After a quick overview of the most common usage now we can dive into more details. Let’s first understand the different types of partitioning available in PostgreSQL. There are three main types of partitioning: range partitioning, list partitioning, and hash partitioning.

Range partitioning

This type of partitioning is used to divide a table into partitions based on a range of values. For example, you can partition a table of sales data by date (see above), with each partition containing data for a specific month or quarter. For example, a large e-commerce company might have a table that contains all sales data for the last 10 years. To improve query performance and make it easier to maintain the data, they could partition the table by year, creating a separate partition for each year. This way, any queries that only need to access data for a specific year can be directed to the appropriate partition, rather than scanning the entire table. Additionally, it is also easy to drop or archive old partitions that are no longer needed.

-- create the sales table
CREATE TABLE sales (
id SERIAL PRIMARY KEY,
date DATE,
product VARCHAR(255),
quantity INTEGER,
price DECIMAL(10,2)
);

-- create the partition tables
CREATE TABLE sales_2022_Q1 (LIKE sales);
CREATE TABLE sales_2022_Q2 (LIKE sales);
CREATE TABLE sales_2022_Q3 (LIKE sales);
CREATE TABLE sales_2022_Q4 (LIKE sales);

-- attach the partition tables to the sales table
ALTER TABLE sales ADD PARTITION sales_2022_Q1 CHECK (date >= '2022-01-01' AND date < '2022-04-01');
ALTER TABLE sales ADD PARTITION sales_2022_Q2 CHECK (date >= '2022-04-01' AND date < '2022-07-01');
ALTER TABLE sales ADD PARTITION sales_2022_Q3 CHECK (date >= '2022-07-01' AND date < '2022-10-01');
ALTER TABLE sales ADD PARTITION sales_2022_Q4 CHECK (date >= '2022-10-01' AND date < '2023-01-01');

List partitioning

List partitioning is useful when you have a table that contains categorical data, and you want to partition the table based on the values in a specific column.
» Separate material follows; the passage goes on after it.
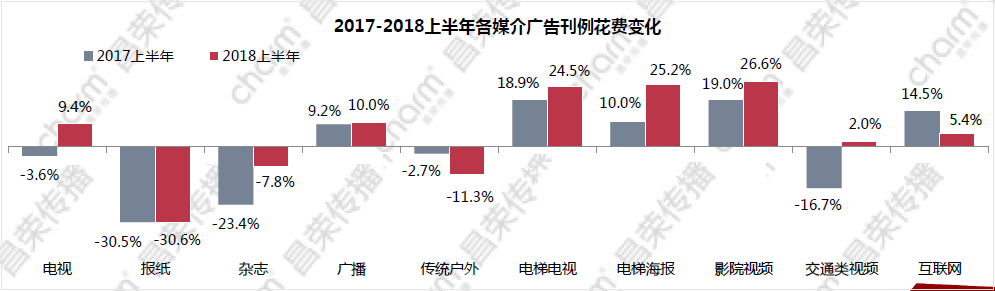 CTR广告主营销趋势调查结果显示,广告主对2018年中国整体经济运行状况,以及对行业和企业经营业绩的信心均比2017年有明显提升。纵观整个上半年,广告市场得益于宏观政策和世界杯等大事件的刺激,整体花费增幅高达9.3%。其中电视媒体广告花费增幅超过整体水平,广播媒体保持稳定增速;而与电视形成鲜明对比的是互联网媒体广告花费增幅放缓,同时报纸、杂志和传统户外广告花费增幅继续下降。

For example, you can partition a table of customers by country, with each partition containing data for a specific country.

-- create the customers table
CREATE TABLE customers (
id SERIAL PRIMARY KEY,
name VARCHAR(255),
country VARCHAR(255),
email VARCHAR(255)
);

-- create the partition tables
CREATE TABLE customers_us (LIKE customers);
CREATE TABLE customers_eu (LIKE customers);
CREATE TABLE customers_ru (LIKE customers);
...

-- attach the partition tables to the customers table
ALTER TABLE customers ADD PARTITION customers_us FOR VALUES IN ('US');
ALTER TABLE customers ADD PARTITION customers_eu FOR VALUES IN ('AT', 'BE', 'BG', 'HR', 'CY', 'CZ', 'DK', 'EE', 'FI', 'FR', 'DE', 'GR', 'HU', 'IE', 'IT', 'LV', 'LT', 'LU', 'MT', 'NL', 'PL', 'PT', 'RO', 'SK', 'SI', 'ES', 'SE');
ALTER TABLE customers ADD PARTITION customers_ru FOR VALUES IN ('RU');
...

With this setup, any INSERT or SELECT statements that specify a country value of ‘US’, from EU countries, or ‘RU’ will be directed to the appropriate partition table.

Hash partitioning

This type of partitioning is used to divide a table into partitions based on a hash value. This type of partitioning is useful when you want to evenly distribute data across partitions, but don’t have a specific value to partition on.

-- Create the main table
CREATE TABLE orders (
id SERIAL PRIMARY KEY,
order_number INTEGER,
customer_id INTEGER,
total_amount DECIMAL(10,2)
);

-- Create the partition tables
CREATE TABLE orders_p1 (LIKE orders);
CREATE TABLE orders_p2 (LIKE orders);
CREATE TABLE orders_p3 (LIKE orders);

-- Attach the partition tables to the main table
ALTER TABLE orders ADD PARTITION BY HASH (order_number)
(PARTITION orders_p1, PARTITION orders_p2, PARTITION orders_p3);

Disadvantages

There are several potential disadvantages to using partitioning in PostgreSQL:

  • Complexity
    Partitioning can make your database more complex, as it involves creating and managing multiple tables and partitions. This can make it more difficult to understand and maintain the database.
  • Overhead
    Partitioning can add overhead to your database, as it requires more resources to manage the multiple partitions. This can lead to slower performance, especially when inserting or updating data.
  • Query complexity
    Queries that span multiple partitions can be more complex, as they may require joining data from multiple partitions. This can lead to slower query performance.
  • Data consistency
    Partitioning can make it more difficult to ensure data consistency, as data is spread across multiple partitions. This can make it harder to maintain constraints and ensure data integrity.
  • Data migration
    If you need to change the partitioning strategy or move data between partitions, it can be a complex and time-consuming process.
  • Lack of flexibility
    Partitioning strategies are usually based on a specific column or set of columns, and it can be difficult to change or adapt them if your data or requirements change.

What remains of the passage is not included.